Big-data is a perennial concern at Boston's annual Bio-IT World Expo because of the sheer volume of information the life sciences industry must contend with. The pain points expressed at last year's conference were twofold: big-data storage and big-data access. Now, the life sciences industry's concerns have evolved to those of big-data collaboration.
This month, at Bio-IT World 2013, speakers holding R&D and bioinformatics roles in the life sciences emphasized the need for externalization -- that is to say, collaboration with external entities, including competitors.
Externalization creates a bevy of technical needs that IT must address to allow better collaboration and data integration while keeping each party’s proprietary data secure. This includes having certain obvious capabilities in place -- such as videoconferencing, instant messaging, tightly controlled collaborative systems (e.g., Sharepoint), and desktop sharing -- and making them accessible to end users.
One of the more significant considerations, however, is one of big-data -- specifically, where do you put it all, and how do you manage it?
This naturally leads to the corollary question of whether or not to go to the cloud, and there is no single right answer. It all depends upon the particularized circumstances. Sergey Krymgold, associate director of Discovery and Preclinical IT at Biogen Idec, outlined for attendees several factors.
Legal and compliance issues comprise one factor, particularly when it comes to protecting intellectual property (especially from a competitor-collaborator). "A lot of times, people forget to ask, 'Who owns the data?' " observed Krymgold. With "first to file" patent protection (as opposed to the old system of "first to invent") having recently gone into effect in the US under the America Invents Act, Krymgold predicts that considerations of data ownership and data stewardship will play a larger role in collaboration agreements.
Data retention is a related matter. Because of intellectual property (IP) protection issues, a collaboration contract may provide that one or more parties need to erase certain data after the collaboration.

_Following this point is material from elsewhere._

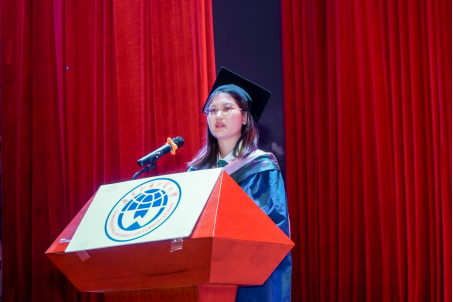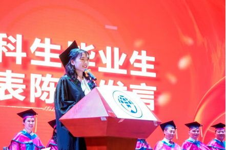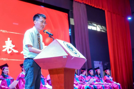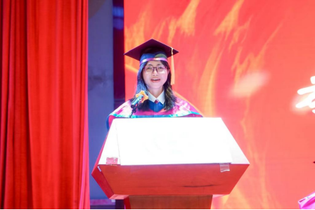 周潇峰代表全体毕业的研究生发言,表达了在英教三年学习的感恩,回顾了在过去三年学习的点滴,分享了个人的学习成长经历,指出她明白了学为人师的意义在于仁爱,在于明明德并无穷往复的推己及人,在于耕耘在自己平凡的岗位却努力做得伟大,贡献没有大小,只有方式的不同。她希望全体毕业生保持初心、履行使命,不忘同力协契,中国的教育一定会有一个更好的明天。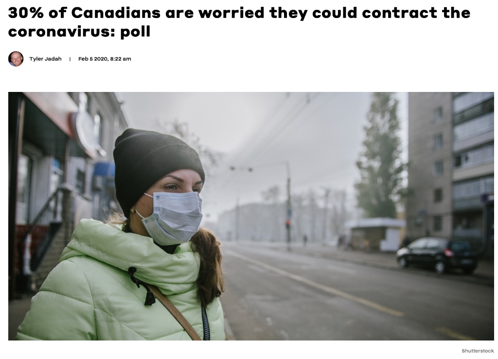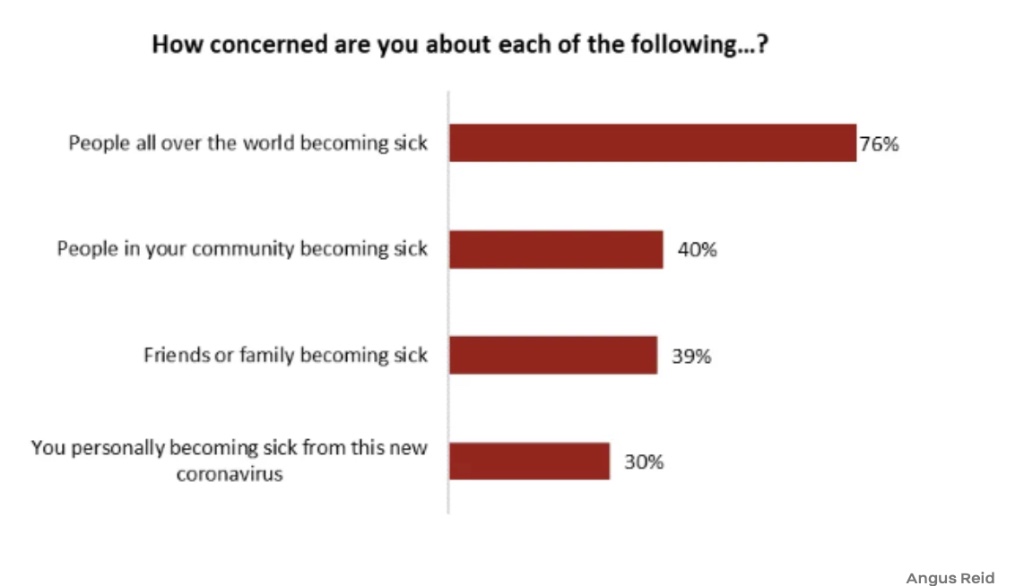 除了自己感染病毒外,超过四分之三(76%)的加拿大人担心该病毒是否会使来自“世界各地的人们”感染。现在已有28个国家中有确诊病例,绝大多数病例在中国大陆。

This can therefore affect where and how the data should be stored. Similarly, regulated data, such as data governed by HIPAA and other laws and regulations, need to be given special consideration in determining how to store them versus their unregulated counterparts.
Other, "non-legal" distinctions of data type can also come into play. Raw instrument data may need to be stored differently than analyzed data and reports, according to Krymgold.
Krymgold went on to address how different data types may also need to be accessed differently. These and other accessibility factors -- including geography (such as performance at one access point versus performance at an access point on the other side of the globe), language requirements, and security -- will have impacts on IT solutions.
From there, Krymgold outlined the various pros and cons of internal and external hosting strategies, each pro and con taking on a different weight based upon the above considerations. A large company collaborating with a competitor may find more advantages to internal hosting, despite the initial investment, because of fewer IP security concerns, greater simplicity in following internal data retention policies, and ease of severing the relationship while protecting data. A small organization without an internal datacenter infrastructure, however, may benefit more from external hosting because of the smaller capital investment required and the ability to avoid potential integration difficulties with partners.
Either way, Krymgold and other panelists urged attendees to set standards (as well as support models), establish thorough business processes for externalized projects, train partners on both the applicable technology as well as one's own policies, and invest resources appropriately -- because the need for more, and more accessible, externalization is growing.
Frederic Bost, director of product management at Accelrys, highlighted this urgency with statistics. According to Bost, whereas 74 percent of projects necessarily involve two or more contract research organizations, only two of the top 20 pharmaceutical companies have a comprehensive externalization data management strategy.
"It’s different now," related Robert Boland, directing senior manager of External Innovation R&D IT for Janssen Pharmaceuticals, discussing external collaborations. "We were… having our door knocked on by small companies [to collaborate]. Now, we're knocking on their door."